[EXERCISE] Each line of the material must be reproduced exactly; pictures stay out.

─── GIVEN INFORMATION ───

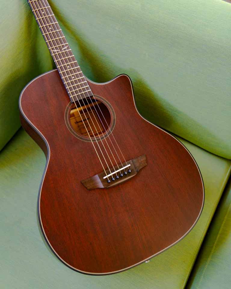 A common tonewood for top, back, and sides, Mahogany is known for its clarity and evenness to accentuate the mid-range tones.
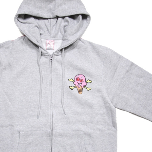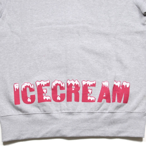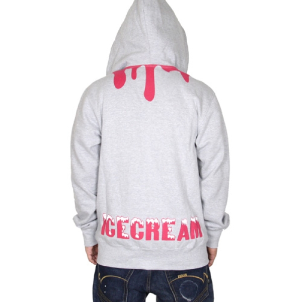 ICE CREAM(アイスクリーム)から≪2013 FALLコレクション≫よりICE CREAMジップパーカー登場!!胸元にお馴染みのコミカルポップに描かれたチェリーオンアイスクリームキャラ、バック下部にはドリップ寸前ICE CREAMロゴ、更にフードからしたたるドリップデザインがブランドらしさ全快のICE CREAMジップパーカー。
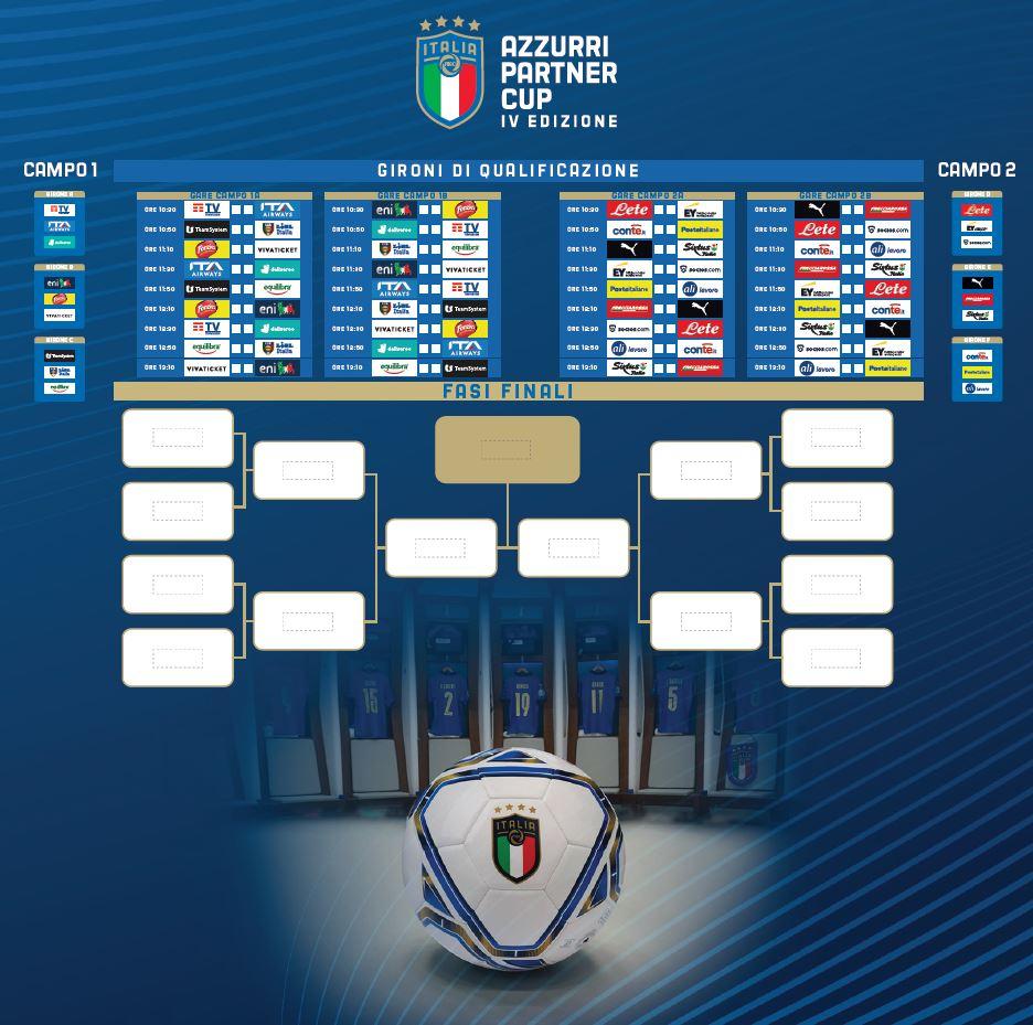 Il torneo. Le 18 squadre sono state suddivise in 6 gironi da 3 e si affronteranno nella mattinata di sabato in gare di andata e ritorno per definire la griglia delle sfide a eliminazione diretta: le prime classificate di ogni girone, insieme alle due migliori seconde, si affronteranno infatti nel pomeriggio dai quarti alla finale, che chiuderà la giornata. Le partite del girone, quarti e semifinali dureranno 15’ (un tempo unico), mentre la finale 30’ (due tempi da 15’). In campo le formazioni di Puma, Tim, Eni, Poste Italiane, Lete, Lidl, Sixtus e le novità Teamsystem, Deliveroo, Socios.com, Trenitalia, Fonzies, Equilibra, Conte.it, Ali Lavoro, Ey, Ita, Vivaticket, alla loro prima partecipazione alla ‘Azzurri Partner Cup’. Le 18 squadre proveranno a insidiare il primato di Poste Italiane, che nelle ultime due edizioni disputate (2018 e 2019) ha vinto il torneo, battendo in entrambi i casi in finale la squadra di Fiat, che a sua volta si era imposta all’esordio del torneo nel 2017.
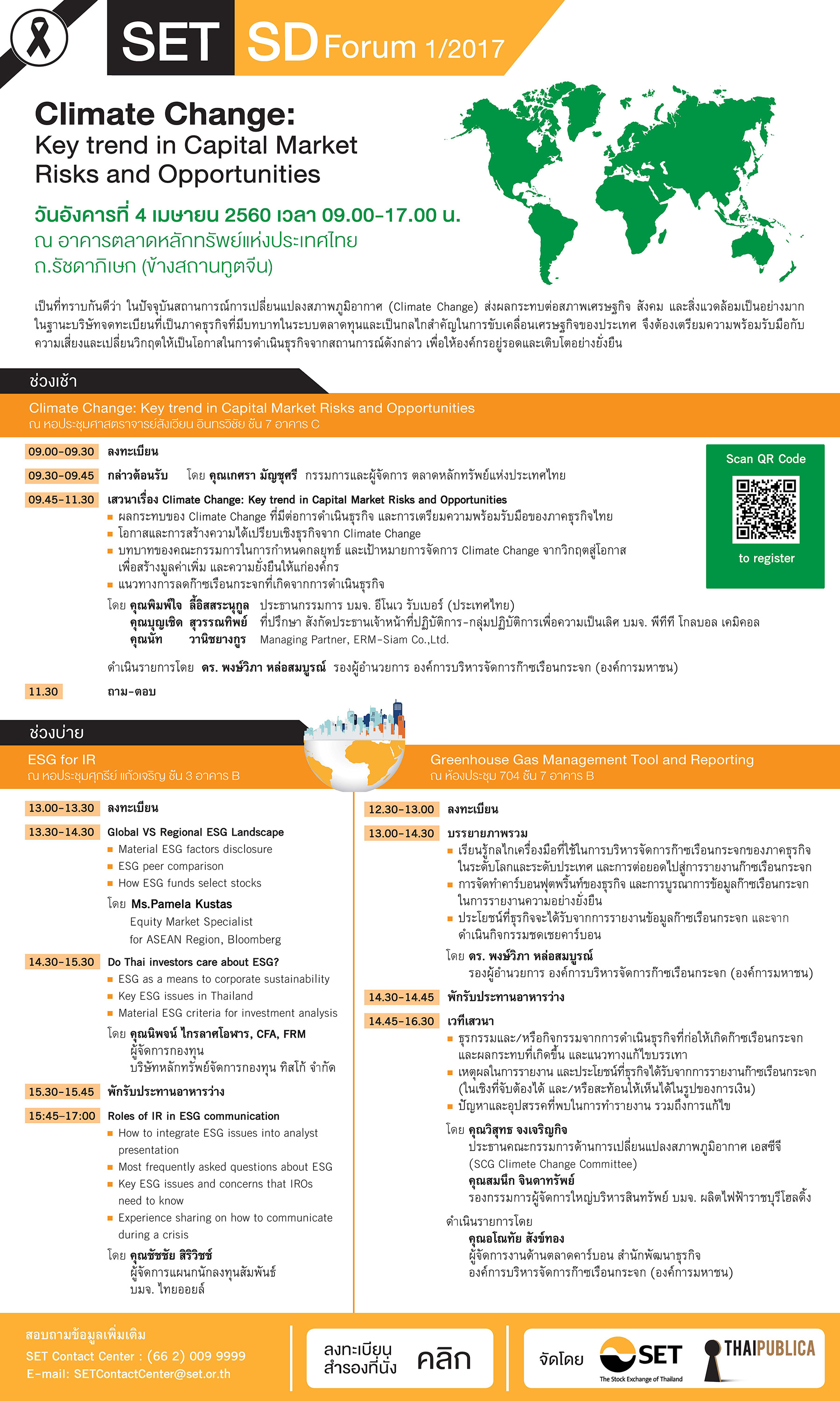สัมมนา Climate Change: Key Trend in Capital Market Risks and Opportunities

───

[SOLUTION TO THE PROBLEM]
 A common tonewood for top, back, and sides, Mahogany is known for its clarity and evenness to accentuate the mid-range tones.
 ICE CREAM(アイスクリーム)から≪2013 FALLコレクション≫よりICE CREAMジップパーカー登場!!胸元にお馴染みのコミカルポップに描かれたチェリーオンアイスクリームキャラ、バック下部にはドリップ寸前ICE CREAMロゴ、更にフードからしたたるドリップデザインがブランドらしさ全快のICE CREAMジップパーカー。
 Il torneo. Le 18 squadre sono state suddivise in 6 gironi da 3 e si affronteranno nella mattinata di sabato in gare di andata e ritorno per definire la griglia delle sfide a eliminazione diretta: le prime classificate di ogni girone, insieme alle due migliori seconde, si affronteranno infatti nel pomeriggio dai quarti alla finale, che chiuderà la giornata. Le partite del girone, quarti e semifinali dureranno 15’ (un tempo unico), mentre la finale 30’ (due tempi da 15’). In campo le formazioni di Puma, Tim, Eni, Poste Italiane, Lete, Lidl, Sixtus e le novità Teamsystem, Deliveroo, Socios.com, Trenitalia, Fonzies, Equilibra, Conte.it, Ali Lavoro, Ey, Ita, Vivaticket, alla loro prima partecipazione alla ‘Azzurri Partner Cup’. Le 18 squadre proveranno a insidiare il primato di Poste Italiane, che nelle ultime due edizioni disputate (2018 e 2019) ha vinto il torneo, battendo in entrambi i casi in finale la squadra di Fiat, che a sua volta si era imposta all’esordio del torneo nel 2017.
สัมมนา Climate Change: Key Trend in Capital Market Risks and Opportunities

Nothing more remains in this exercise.